Utility script to start stand-alone Spark cluster inside SLURM jobs

Introduction

Apache Spark and SLURM are designed with very different deployment models in mind. This project aims to help running Spark within a SLURM batch/interactive job environment. Different from common Spark deployment schemes, similar to common conventions in SLURM jobs, here run-time files of Spark are attempted to be put in the current working directly, rather than some location in the Spark installation tree.

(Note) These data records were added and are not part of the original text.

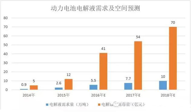 2016年我国动力电池电解液需求量可达 5.5 万吨,同比增长111%,动力电池电解液占比将达到62%;2017年动力电池电解液需求量将超过7.7万吨,同比增长40%以上,动力电池电解液占比将达到59%;2018年动力电池电解液需求量将达到10万吨,动力电池电解液占比将维持在60%。
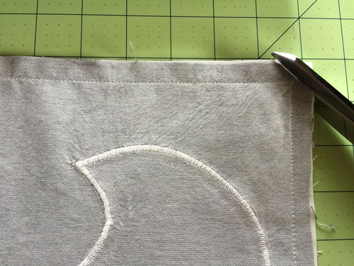 - Watch the edge of your appliqué as you turn, turn, turn. Pick a point on your presser foot (if you don’t have an arrow like our Janome foot) so you can keep the appliqué’s edge moving along the guide line at all times.
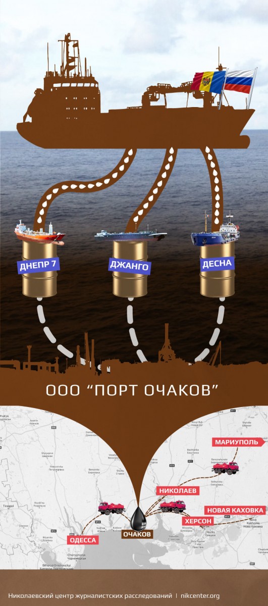 Судно “Джанго” отримує паливо з російських суден у відкритому морі, потім завозить в Очаків. Усі морські служби і прикордонники це бачать, але жодних заходів не вживають. З порту машинами ПММ уже розвозять далі по інших областях.
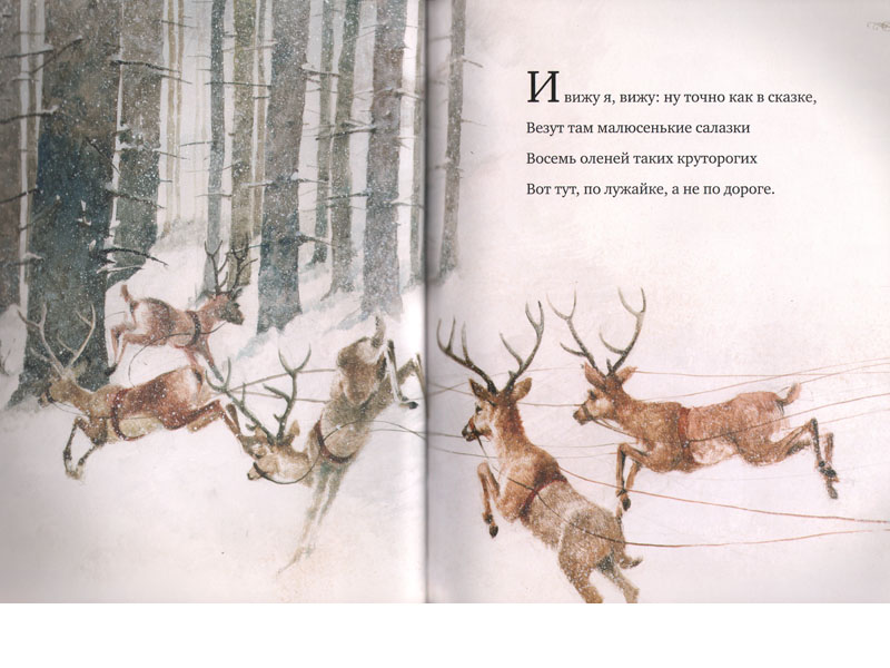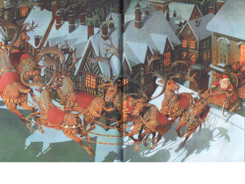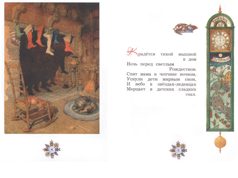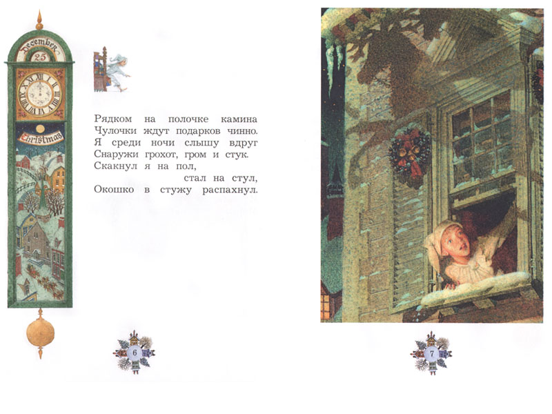 Первые его переводы на русский появились еще в XIX веке и продолжают появляться сегодня под различными названиями: «Рождественская ночь», «Ночь перед Рождеством», «Рождество». Множатся и иллюстрации к тексту. Два русских издания баллады Мура сопровождаются работами Геннадия Спирина и Роберта Ингпена. Как и выбор перевода, выбор художника – дело личного вкуса читателя. Санта-Клаус Ингпена кажется веселым и жизнерадостным хитрецом. Герой Спирина чуть серьезнее, за ним явно угадывается русский Мороз. Но оба художника замечательно передают удивительную рождественскую атмосферу – ожидание чуда, волшебство: слышите, уже застучали по крыше копытца оленей?
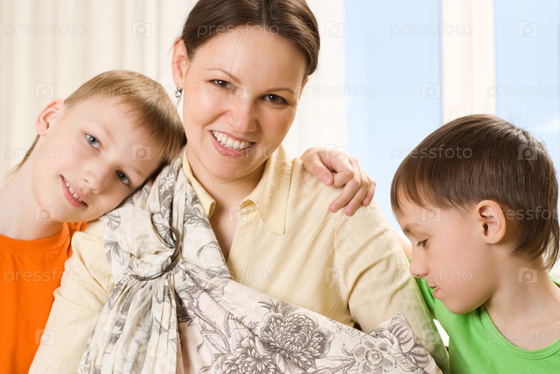 Счастливые мать и дети
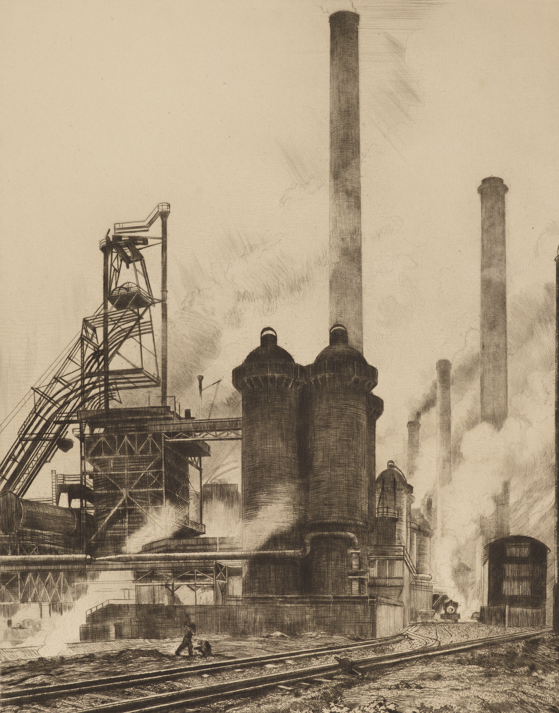 Hermann Kätelhön: „Hochofen“, undatiert Radierung, 33,3 x 26,2 cm (Bild: Museum Folkwang, Essen)
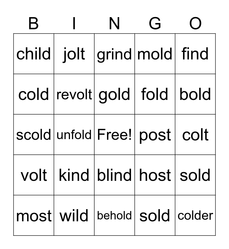 This bingo card has a free space and 24 words: kind, wild, gold, most, find, child, cold, jolt, post, blind, fold, scold, host, sold, revolt, sold, colt, grind, bold, unfold, colder, volt, mold and behold.
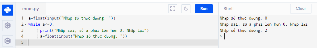 Viết chương trình yêu cầu nhập số thực dương a. Chương trình cần kiểm tra dữ liệu nhập như sau: Nếu số đã nhập nhỏ hơn hoặc bằng 0 thì thông báo: “Nhập sai, số a phải lớn hơn 0. Nhập lại”. Chương trình chỉ dừng sau khi người dùng nhập đúng.
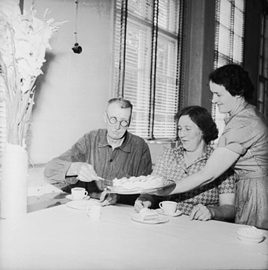 Titel: Verkstadsinteriör, grupp vid bordet, avskedsfest för Kalle Wärnberg.

Also the resources allocated to the job will be attempted to be used as much as possible.

Usage

The SLURM job need to be allocated a homogeneous array of compute nodes, with each process set to use all CPUs on the nodes. This can be easily achieved by setting -N to the number of nodes and -c to the number of physical core on the nodes.

Within the SLURM job, the script start-spark-in-slurm can be invoked so that a stand-alone Spark cluster will be started. To fine tune the behaviour, we have the following options,

  • -l/--log-level The log level for Spark, default to FATAL.

  • -f/--parallel-factor The factor for default Spark parallelism wrt the number of CPUs in all workers, default 1.

  • -a/--cpus-aside The number of CPUs reserved for Spark and driver, default to four CPUs to be conservative.

The output from the script can be passed to bash eval, then the spark-submit command can next be used to submit the actual job, possibly with additional customization.

Before calling this script, the environmental variables SPARK_HOME, JAVA_HOME, and PYTHONPATH need to be set correctly. And the Python interpreter used for the script will also be used for the Spark job.